# My textbook says



## kyotan

大家好！

Could tell me how to say "My textbook says..." or "It is written in my textbook as..."  in Chinese?

谷歌吧   "My textbook says A. " 　翻译成 "我的书说: A." and it makes sense, but not sure if that sounds natural to native speakers.

I want to use it like "My textbook says 今天很冷=It's very cold today."

Thank you.


----------



## EnidLiao

i might add a word ''上'' to that sentence.
我的書上說今天很冷


----------



## Lynn Shu

我的教科书上写到。。。。


----------



## BODYholic

kyotan said:


> I want to use it like "My textbook says 今天很冷=It's very cold today."



(我的)书上说今天很冷。


----------



## retrogradedwithwind

The most natural expression is 书上写道（说道）
我的 is usually omitted.


----------



## Skatinginbc

kyotan said:


> "My textbook says 今天很冷=It's very cold today."

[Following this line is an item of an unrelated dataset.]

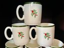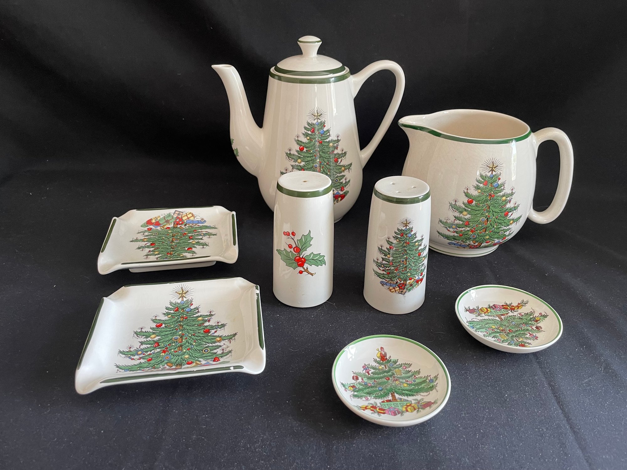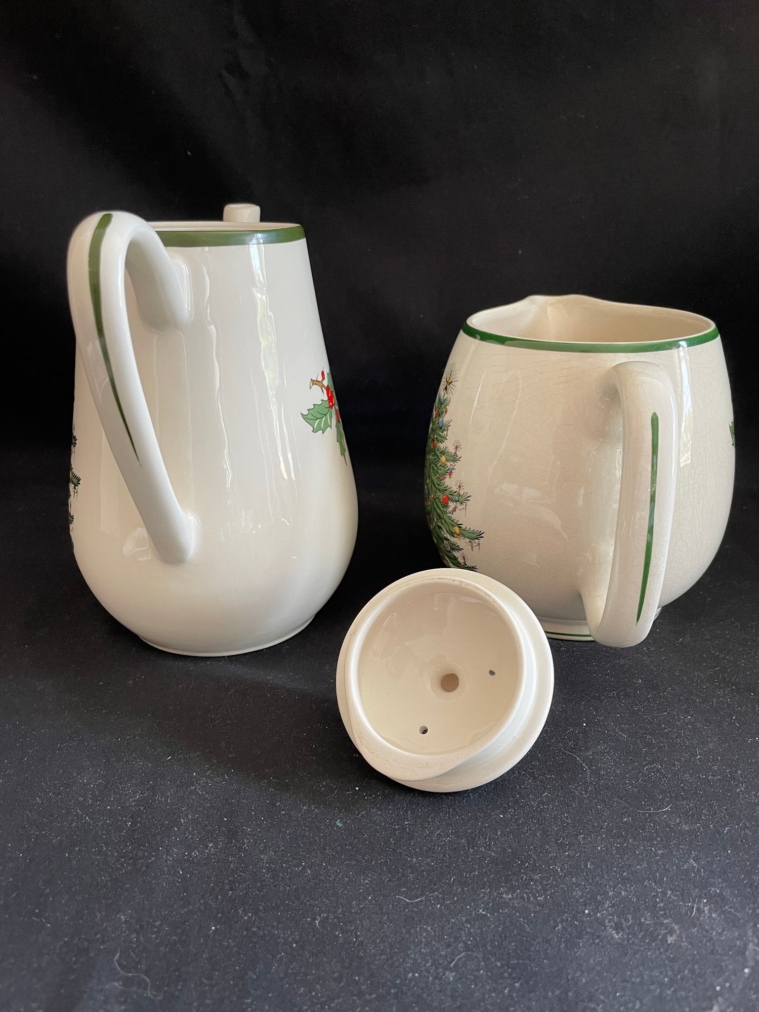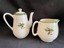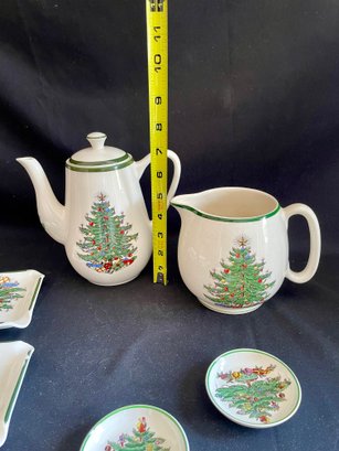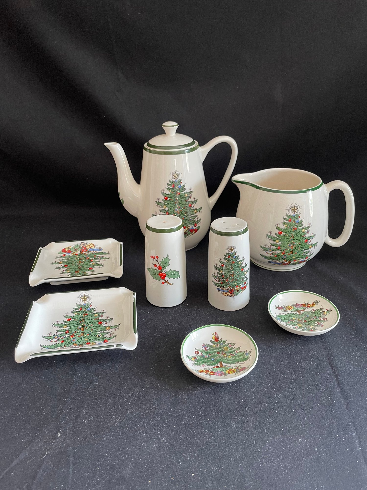 6 coffee/tea cups, coffee pot, pitcher, salt & pepper, 2 square plates, 2 round plates

我的教科书说"今天很冷"的意思是"It's very cold today".
我的教科书把"今天很冷"翻译成"It's very cold today".


----------



## SuperXW

Both 书上说 and 书上写道 are ok in Chinese, but 书上说 is more casual.
我的书说...(omit 上) is still understandable, but even more casual, usually only used in spoken language.


----------



## kyotan

感谢各位的回复！Thank you!


----------



## BODYholic

Lynn Shu said:


> 我的教科书上写到。。。。



Do China and Taiwan speakers know/understand the term 课本?
In Singapore, 课本 is more common, although I can safely say most people understand 教科书.
Technically, are there differences between the two?


----------



## Skatinginbc

BODYholic said:


> Do China and Taiwan speakers know/understand the term 课本?


課本 is frequently heard in Taiwan, perhaps more so than 教科書. 課本 = 教科書.


----------



## BODYholic

Skatinginbc said:


> 課本 is frequently heard in Taiwan, perhaps more so than 教科書. 課本 = 教科書.

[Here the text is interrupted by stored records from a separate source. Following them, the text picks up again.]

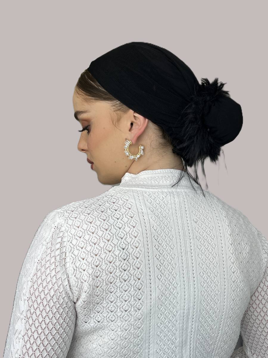 גומיית נוצות שחורה חורפית במיוחד. ניתן לקשור אותה על טורבן רשת כבסיס.
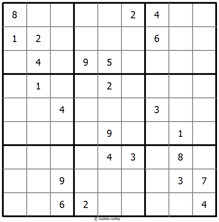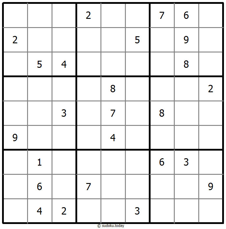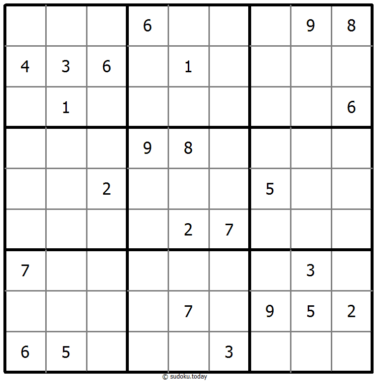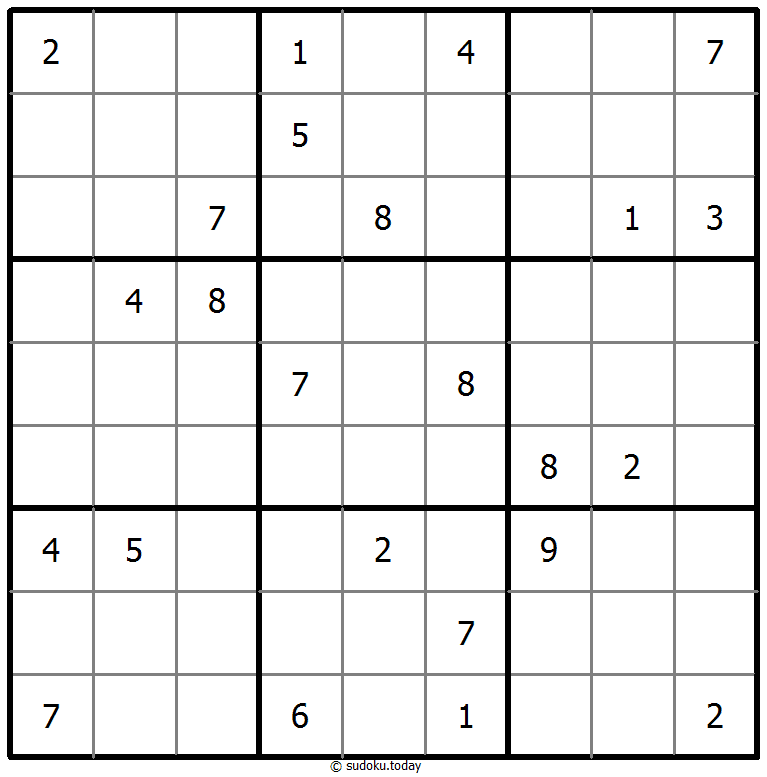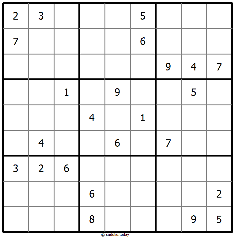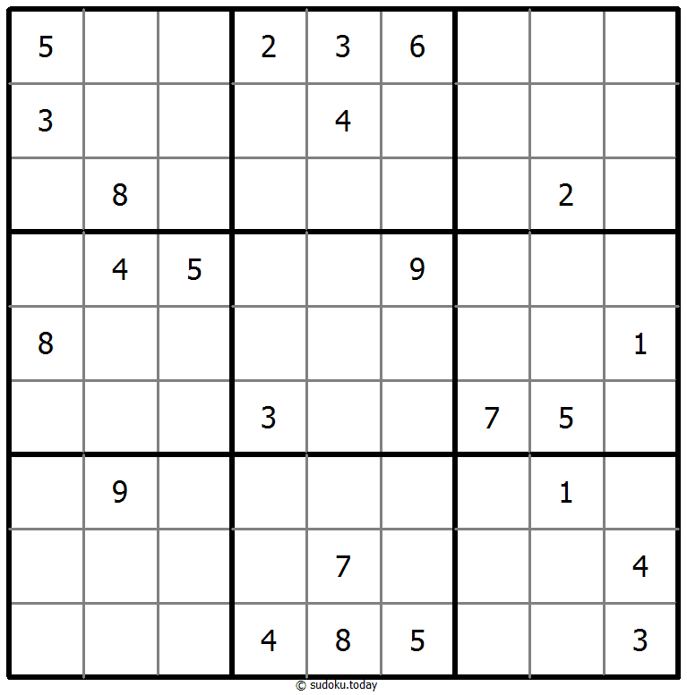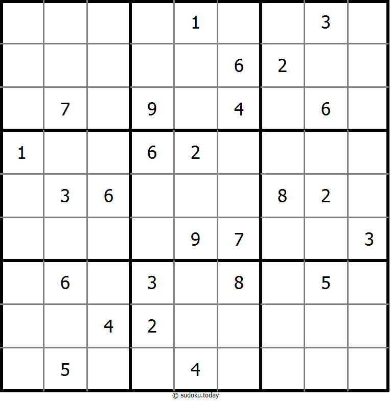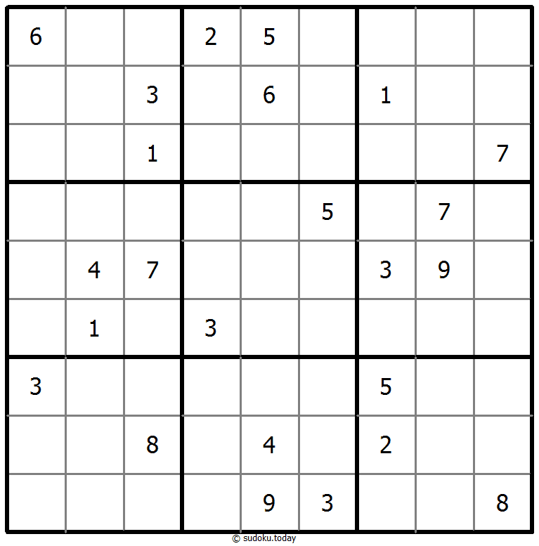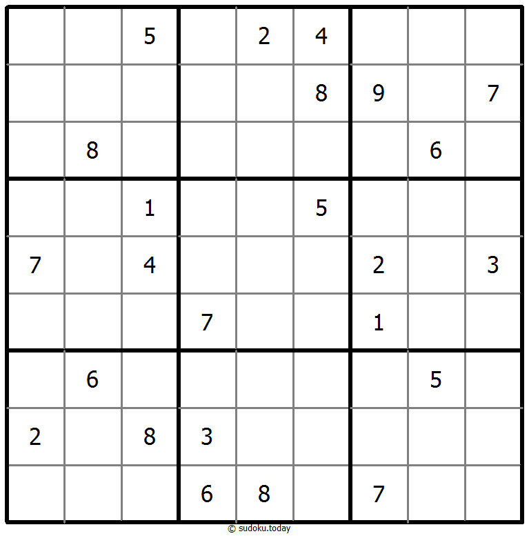 Заповніть кожну порожню клітинку цифрами від 1 до 9 так, щоб кожне число з’являлося один раз у кожному рядку, стовпчику і 3×3 блоці.
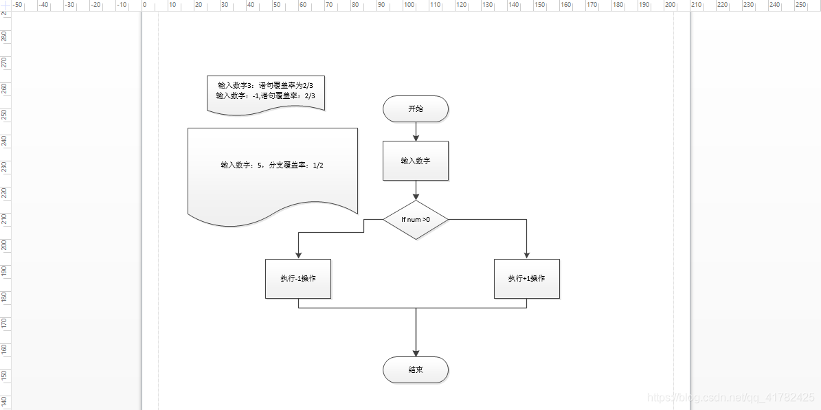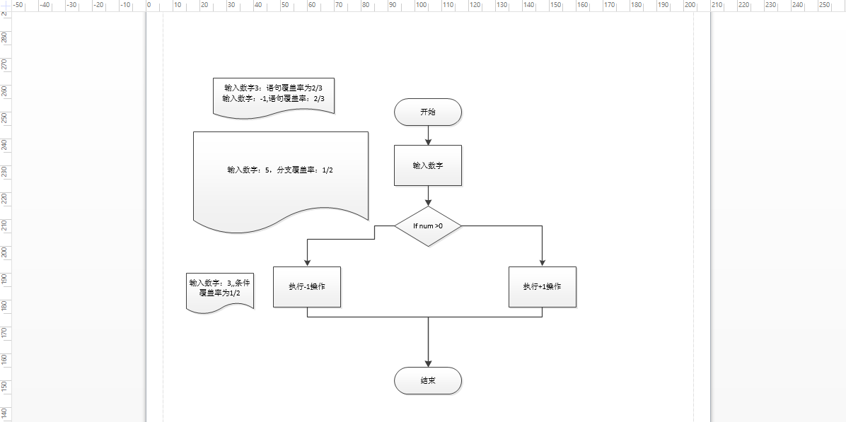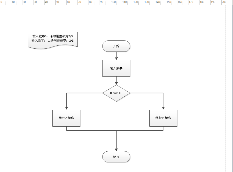 - 从流程图中开始到结束,通过语句覆盖率的计算方式,那么当给定一个数字3时,来计算语句覆盖率,需要注意的是语句表示的是非分支和非判断,所以在流程图中一共有3个语句分别是输入数字丶执行-1操作丶执行+1操作,即输入3时语句覆盖率为2/3,同理输入-1时也是一样的

Perhaps we picked up the term from Taiwan. Thanks.


----------



## retrogradedwithwind

课本，教科书，教材， all the three are common. 
教辅 is common too .. ..

课本is more colloquial.


----------



## SuperXW

retrogradedwithwind said:


> 教辅 is common too .. ..
> 课本is more colloquial.


Back to the days when I was in school (like 15 years ago), we didn't know the word 教辅. May be a new abbreviation.
I think 课本 is also quite formal. The only colloquial way is calling textbook "书".


----------



## alexmaowei

课本上（教科书）说道 or 课本上（教科书）讲 is better


----------



## gingeralle

书上说今天很冷/书上讲今天很冷/书中写道今天很冷。All of them are fine in Chinese. But if the fact that the book is mine is implied in the context, then "我的" is usually omitted, as is shown in my answer.


----------



## yuechu

Hello! How about if you are saying what's written on a sign?
"The sign says..."
or directions on a map? (On the map, it says to...)


----------



## hx1997

标志/地图上说... (The sign/map says...)
标志/地图上写着... (It's written on the sign/map that...)


----------



## brofeelgood

标牌(上)/路牌(上)/地图(上)
+
写着/显示

(1) It's written on the road sign this junction is left-turn only - 路牌写着这里只能左拐/转。
(2) On this rubbish map, Canada is shown to be adjacent to China - 这张垃圾地图显示加拿大毗邻中国。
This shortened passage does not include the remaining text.